The news is awash in nuke-talk again. Rahbar’s advisor has signaled that Iran is ready to enter into nuclear negotiations with the incoming Trump administration. https://www.bbc.com/persian/articles/c8dm2888z93o. Meanwhile the governing body of the International Atomic Energy Agency has passed a resolution against Iran at the same time when Iran announced that it is set to bring new centrifuges online. https://www.bbc.com/persian/articles/c98e291v3p3o. The ever-want-to-be relevant governments of Britain, France and Germany have demanded emphatically that Iran destroy its stockpile of 60% enriched uranium. https://www.bbc.com/persian/articles/c80l25g785no.  My answer to the IAEA and European demands is one word, BILAKH!

 

For the uninitiated in Iranian body language, bilakh is demonstrated by closing one’s fist and raising the thumb mightily in the air. It is in essence the representation of the phallus. It can be accompanied with a voice-over, such as befarma (please, please help yourself) or beshin saresh (sit on it). The American version of the bilakh is the middle finger rising from a closed fist, with the fingernail of the middle finger facing the whomever it is intended for. It can be deployed silently or with utterances like “sit on it” of “fuck you.” The Turkish siktir means “fuck you” but it does not have an accompanying hand gesture (may be it does not need it). My favorite of these digital insults is the Russian fig or better dulya (notice the proximity of it to the Persian dool, penis). To make a dulya gesture, one closes one’s fist and then gently pushes through one’s thumb in-between the middle finger and the index finger so that the tip of the thumb protrudes in the direction of the intended target. It means “you get nothing” but also it could indicate the phallus, in which case one may accompany it with the expression c moslom (with oil), perhaps to ease the pain of the conjured penetration.      

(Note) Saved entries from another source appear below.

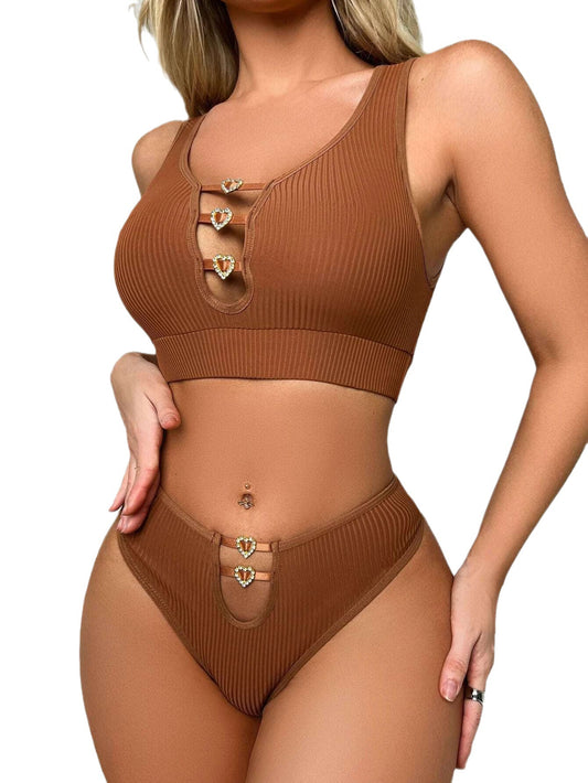 Solid Color Ring Bandage Cut-out Sleeveless Bra
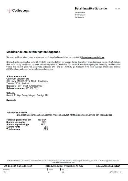 Företag som sedan tidigare har pågående ärenden med Förvaltningsel och Svensk El får nu ”meddelanden om betalningsföreläggande” från Collectum Solutions Ltd. Betalningsmottagare är Energiservice & Juridik AB med organisationsnummer 559195-3376 och bankgironummer 5741-8691. I meddelandet står det att en ansökan har lämnats in till Kronofogdemyndigheten.Många som har fått detta meddelande har tagit kontakt med Kronofogden för att sedan få till svar att det inte har kommit in något ärende från Collectum Solutions Ltd / Energiservice & Juridik AB.
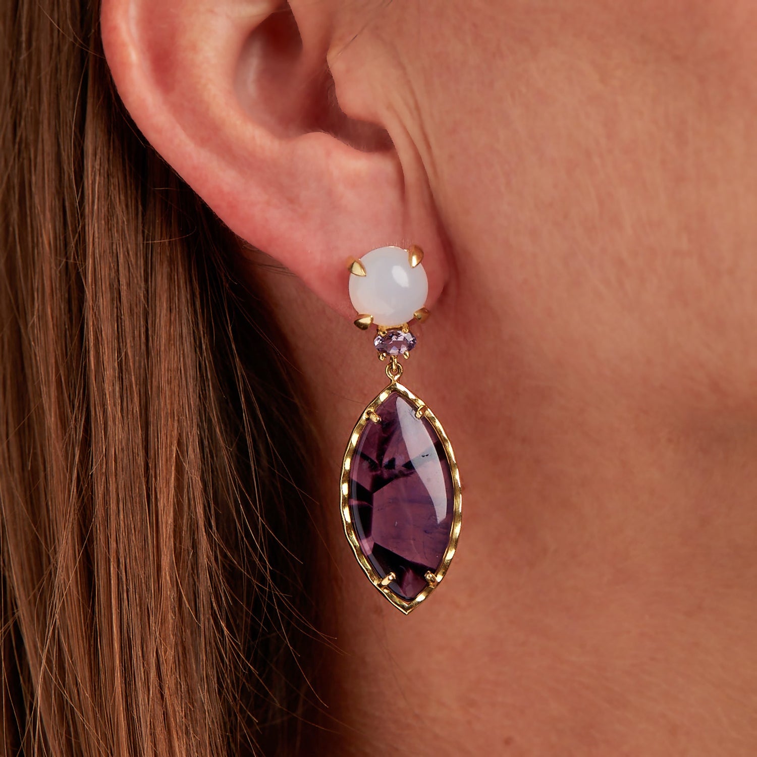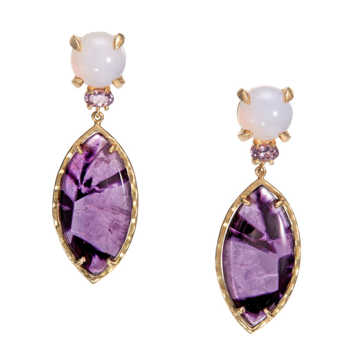 Chalcedony, purple spinel, and amethyst set in 18k yellow gold. 10mm top stone. Post back for pierced ears.

Why am I giving the bilakh to the IAEA and the 5+1? Well, because last time Iran bent down to the will of these people it got shafted. Every Iranian boy knows that when in the company of rogues and slyboots one does not bend down. The same people that the Rahbar’s advisor wants to negotiate with now are the same who shafted Iran before.

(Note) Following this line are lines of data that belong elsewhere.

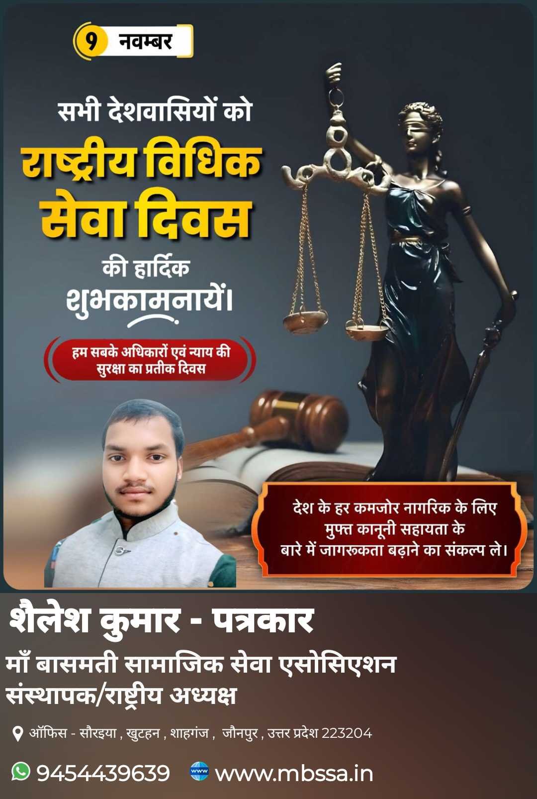 राष्ट्रीय विधिक सेवा दिवस के अवसर पर देश के सभी नागरिकों को हार्दिक शुभकामनाएँ श्री शैलेश कुमार संस्थापक / राष्ट्रीय अध्यक्ष, माँ बासमती सामाजिक सेवा एसोसिएशन ने कहा कि “यह दिवस हम सबके अधिकारों एवं न्याय की सुरक्षा का प्रतीक है। प्रत्येक नागरिक को अपने विधिक अधिकारों की जानकारी होना अत्यंत आवश्यक है। देश के प्रत्येक कमजोर एवं वंचित वर्ग के नागरिकों को निःशुल्क कानूनी सहायता प्राप्त कराने हेतु जागरूकता बढ़ाना हम सबका कर्तव्य है।” उन्होंने यह भी कहा कि संगठन निरंतर जनहित एवं सामाजिक न्याय की दिशा में कार्यरत है और आगे भी समाज के प्रत्येक वर्ग तक न्याय एवं अधिकारों की पहुँच सुनिश्चित करने हेतु प्रयासरत रहेगा। शैलेश कुमार(संस्थापक / राष्ट्रीय अध्यक्ष) माँ बासमती सामाजिक सेवा एसोसिएशन 📞 9454439639 | 🌐 www.mbssa.in #राष्ट्रीयविधिकसेवादिवस ⚖️ #विधिकसहायताजागरूकता #न्यायकासंवर्धन #कानूनीसहायता #सामाजिकन्याय #लोककल्याण #हरनागरिककोन्याय #MBSSA #MBSSAIndia #माँबासमतीसामाजिकसेवाएसोसिएशन #शैलेशकुमारपत्रकार #न्यायकासंकल्प 🚩 #राष्ट्रीयविधिकसेवादिवस #विधिकसहायताजागरूकता #न्यायकासंवर्धन #सामाजिकन्याय #कानूनीसहायता #न्यायकाअधिकार #लोककल्याण #जनजागरूकता #माँबासमतीसामाजिकसेवाएसोसिएशन #MBSSA #MBSSAजौनपुर #MBSSAIndia #शैलेशकुमारपत्रकार #सामाजिकसेवा
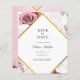 Geometrische, blumengeschmückte Save the Date-Budgetkarte mit einer rosa Rosa-Blume mit einem geometrischen Rahmen für den Goldenen Effekt. Dieses elegante Layout aus der Kollektion "Moderne Floral und Geometrie" zeigt Ihre Ankündigungsdetails in einer stilvollen Schrift und moderner Typografie mit einem reichen Bouquet auf weißem Hintergrund. Sie können diese Karte ganz einfach anpassen, indem Sie oben auf den Knopf "Personalisieren" klicken. Moderne, skriptschwarze Typografie, moderne, einfache, weiße Blume, rosa Goldhochzeit, rett Datum,
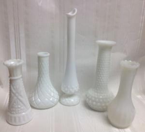 Lot/5-Vintage White Milk Glass Vases 6" To 10"     Completed    $7.99
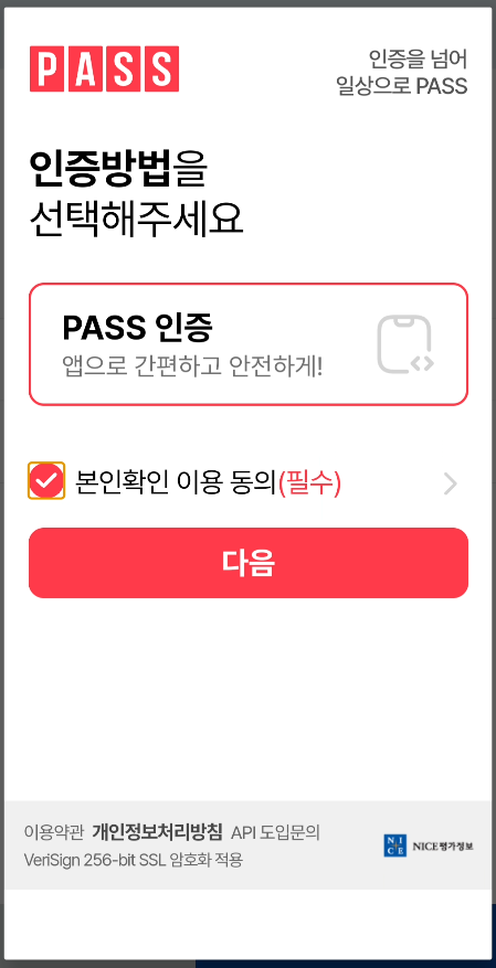 이후 본인인증을 다시한번더 하게되는데 휴대폰본인인증이 문자로는 되지않고 패스앱으로만 가능하게 되어있습니다.

One day I asked my dear friend the late Afshin Amirzadeh, who was a producer with BBC/Persian if he had gotten remarried. “Khar keh do tabagheh nemisheh,” he replied. That was his way of saying why repeat a mistake. That is exactly what the IRI will do if it subjects its nuclear program to Western and Russian strictures, it will be committing foolishness for the second time. But then, maybe the regime’s survival may depend on capitulation to the wants of the United States and its so-called “international community” cohorts.

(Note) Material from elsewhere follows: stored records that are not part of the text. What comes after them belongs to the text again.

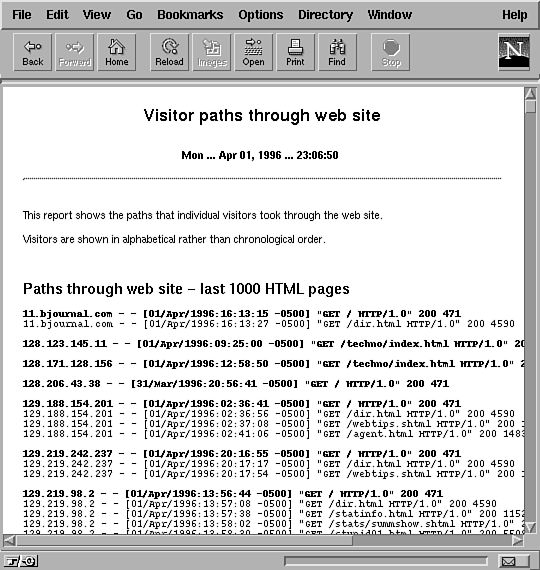 Chapter 41, "How to Keep Them Coming Back for More," shows the depth of information about a site that you can get from the access logs, also known as transfer logs. Many tools on the Net can help you make sense out of this, and other, logs. This chapter explores these logs and tools, and recommends how to improve site efficiency based on log analysis.
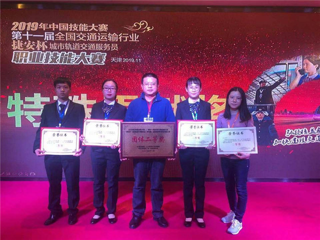 本网讯(铁道学院通讯员 唐戍)2019年11月18日至22日,第十一届全国交通运输行业“捷安杯”城市轨道交通服务员职业技能大赛全国总决赛在天津梅江会展中心举行。来自全国39家城市轨道集团公司78名职业组选手和151所职业院校370名学生组选手参加了此次全国总决赛。亚星游戏网铁道学院参赛选手在左美生、聂化东、李清涛、董添、董其尉几位老师的带领下敢打敢拼,在强手如林的比赛中积极应战、不负众望,出色完成了比赛,获得佳绩。其中李孝哲、韩晓雨和杨邦辉三名同学在城市轨道交通服务员运营管理赛项中取得全国第八名的好成绩,荣获了团体和个人二等奖;胡传争、刘慧敏和谢齐权三名同学在车辆控制赛项比赛中取得团体和个人三等奖。
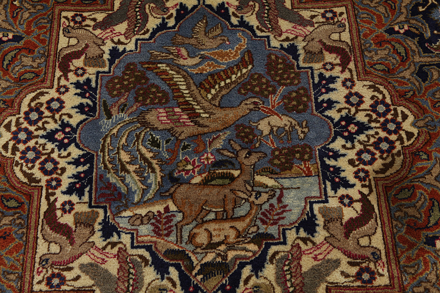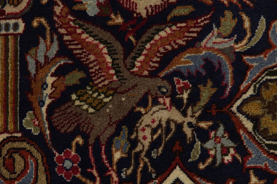 Die Stadt Kashmar liegt in der Provinz Khorasan, südwestlich der Stadt Mashad in Ost-Iran. Sie hat eine bedeutsame historische Vergangenheit und ihr alter Name ist Torshiz. Dort werden seit Jahrhunderten hervorragende, hochwertige Teppiche gefertigt. Diese Teppiche sind dicht und aus dünner weicher Wolle, in hübschen hellblauen Tönen, die einen guten Kontrast zu den Creme- und Elfenbeinfarbtönen bilden. Für die neueren Teppiche wird ein zartes Grün, Rot und Braun verwendet. Typisch für Kashmar Teppiche sind die großen Maße und ihre einzigartigen Muster, die Gemälden mit Bäumen, Blumen und Minarettenkuppeln gleichen. Außerdem sind Darstellungen abgebildet, die historische Ereignisse erzählen (wie z.B. ein wichtiges Ereignis aus der Geschichte Persiens oder einer bekannten historischen Person, oder die Geschichte eines ehrenhaften persischen Königs). In Kashmar werden hübsche, kunstvolle Meisterwerke mit Farbharmonie und mit komplexen, detailreichen Mustern gefertigt, die die Liebe der Perser für die Schönheit und für die Kunst zeigen. Die Kashmar-Teppiche sind robust und je älter sie werden, desto schöner werden sie.

In October 5, 2005, I published a fantasy essay titled “Things you don't want to hear – Fantasy speech at the UN on the nuclear crisis,” on Iranian.comhttps://iranian.com/GuiveMirfendereski/2005/October/Nuclear/index.html . In it, I argued that Iranian must develop a nuclear deterrence, because it was and even more so is in its national interest – that is, the preservation of its territorial integrity and political independence, regardless of who rules the country. In light of recent events in the Middle East, the need for an Iranian nuclear deterrence is all the more pronounced. The abject failure of Iranian missiles to penetrate to any degree of significance Israel’s air-defenses and the country’s vulnerability to Israeli at-will strikes means Iran cannot rely on conventional offensive or defensive missilery.

Who knows, maybe Iran is already in the throes of developing nuclear weapons. Can anyone one say with certainty that it is not? Israelis think that it is and perhaps that is what informs their decisions to strike at Iranian nuclear capabilities, infrastructural as well as human assets. If Israel has its doctrine of strategic ambiguity – not admitting or denying that it has nuclear weapons, IRI has the Shi-eh jurisprudential doctrine that is taghieh. The term means dissimulation, especially in religious matters, which allows one to engage in non-truths, or denials, in order to protect oneself from harm if truth be told. Its origin in Shi-eh is rooted in the victimhood suffered by the believers who followed Imam Ali and his descendents at the hands of those who regarded them as heretics. The outward manifestation of this doctrine in terms of the nuclear file is the oft-cited fatwa that has declared nuclear weaponry as an abomination (it is not clear having them is an abomination or using them). Fatwas can be revoked. Maybe the time has come to do so.